CDU whip: 'The ball is in Putin's court'

Members of Germany's governing coalition are portraying Chancellor Angela Merkel's meeting on Wednesday evening with Russian President Vladimir Putin, Ukrainian head of state Petro Poroshenko and French President Francois Hollande as a moderate success.

"The efforts toward a peaceful solution of the Ukraine conflict have been given an important new impulse," Franz Josef Jung - the deputy parliamentary chairman of the conservative CDU - told Deutsche Welle. "It's important now that the foreign ministers of the four nations agree in November on a concrete timetable for implementing the Minsk II peace accords. Most of agreements reached thus far have not been implemented because the parties in the conflict - the Ukrainian separatists and Russia - have lacked the will to do so."

The pro-Russian Left Party welcomed the meeting.

"I hope very much that the German government becomes convinced that dialogue is better than threats of fresh sanctions," Left Party chairwoman Sahra Wagenknecht said in a statement. "Even if the concrete results of this summit are modest, the talks could be the beginning of a different relationship with one another."

In early-morning interviews with German television and radio, the government's Russia commissioner, Gernot Erler of the Social Democrats, said that the "more had come out" of the meeting than expected and that "very important" progress had been made toward implementing the Minsk II peace accords aimed at ending the conflict between Russia and Ukraine.

On Wednesday evening, the four leaders agreed to draft a roadmap on how to realize ceasefire arrangements in Eastern Ukraine - essentially an agreement to reach an agreement.

In a midnight press conference after the meeting, Merkel said that the participants had drawn up "an initial document" but that there were still "many disagreements."

"We've proclaimed our determination to draw up a roadmap," Merkel said. "But as things stand, there's a lot of hard work to come."

The role of the OSCE

Merkel and Hollande did not confirm reports that they had agreed to an armed mission by the Organization for Security and Cooperation in Europe (OSCE) to keep peace in eastern Ukraine. However, the CDU did state on Thursday that the role of the OSCE had been discussed.

"The realization of the agreement reached yesterday that OSCE observers will be allowed to visit the Ukrainian-Russian border could help build trust and boost stability," Jung said. "We'd be able to monitor whether Russia was fulfilling its promise not to bring weapons across the Russian border into separatist territory."

The Greens welcomed the prospect of a greater role for the OSCE.

"The agreement yesterday for a timeplan for the implementation of Minsk II and the OSCE police contingent is a step in the right direction," Marieluise Beck - Green spokeswoman for Eastern European policy - told Deutsche Welle. "Now we have to see that the trust, which has been damaged by the Kremlin, is restored step by step."

Hollande and Merkel said they had also raised the topic of Russia's support for the Syrian government and the continuing aerial attacks on civilians in the city of Aleppo.

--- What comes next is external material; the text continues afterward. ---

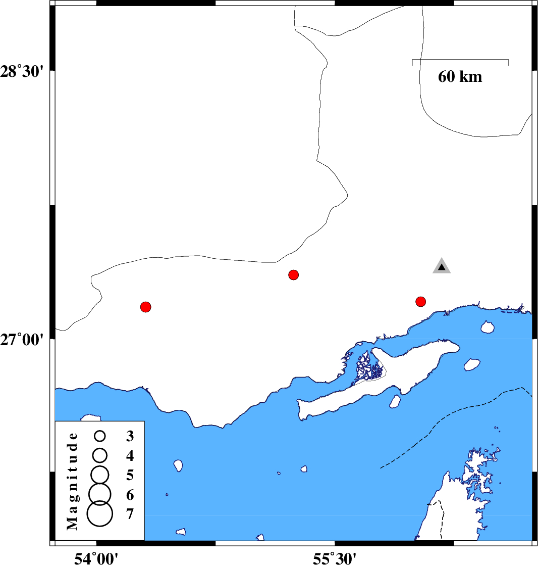 | 2012/03/22 | 18:00:44.1 | 22:30:44.1 | 27.18 | 54.31 | 34 | ML:3 | Hormozgan Province, 6 km Bastak |

They refused to rule out further EU sanctions against Russia. But they said a meeting of the European Council on Thursday would focus on humanitarian aid in Syria, and not on punitive measures aimed at Moscow.

In his press conference after the Berlin meeting, Putin said he would support the extension of a unilateral government ceasefire in Syria.

Skepticism prevails

Treffen zu Beratungen über Ukraine-Konflikt in Berlin
Putin brought along a controversial advisor (Putin's left)Image: picture-alliance/dpa/M. Kappeler

In the German media most commentators were skeptical as to whether any action would follow the words in Berlin.

"What came out of Berlin were statements of intent and promises," wrote news magazine Der Spiegel. "But will they count for anything in the coming days in the case of Syria and the coming weeks in the case of Ukraine?"

The online version of Die Zeit newspaper proposed that the meeting might be useful for preventing an existing conflict from getting worse.

"The point of such conversations in this format is less to achieve anything in the long term, to say nothing of peace between Moscow and Kyiv," the paper wrote. "The main thing is to cool off the hot war that threatened to end in a dangerous defeat for Ukraine in 2015." 

Some newspapers focused on the fact that Putin was accompanied by an advisor who is officially banned from entering the EU but who received an exemption for the meeting. Most commentators read this as a gesture by Putin regarding EU sanctions against Russia.

"Putin made it clear what he thinks of sanctions with a provocative gesture," Die Welt newspaper wrote. "He took Vladislav Surkov along with him to Berlin, the man who is denied entry into the European Union as part of the 2014 sanctions imposed because of the Ukraine crisis."

But the Wednesday meeting can also be seen as a slight softening of Russia's hardline stances on Syria and Ukraine. It was the first time that Putin has visited Germany, since Russia annexed the Crimea from Ukraine in 2014.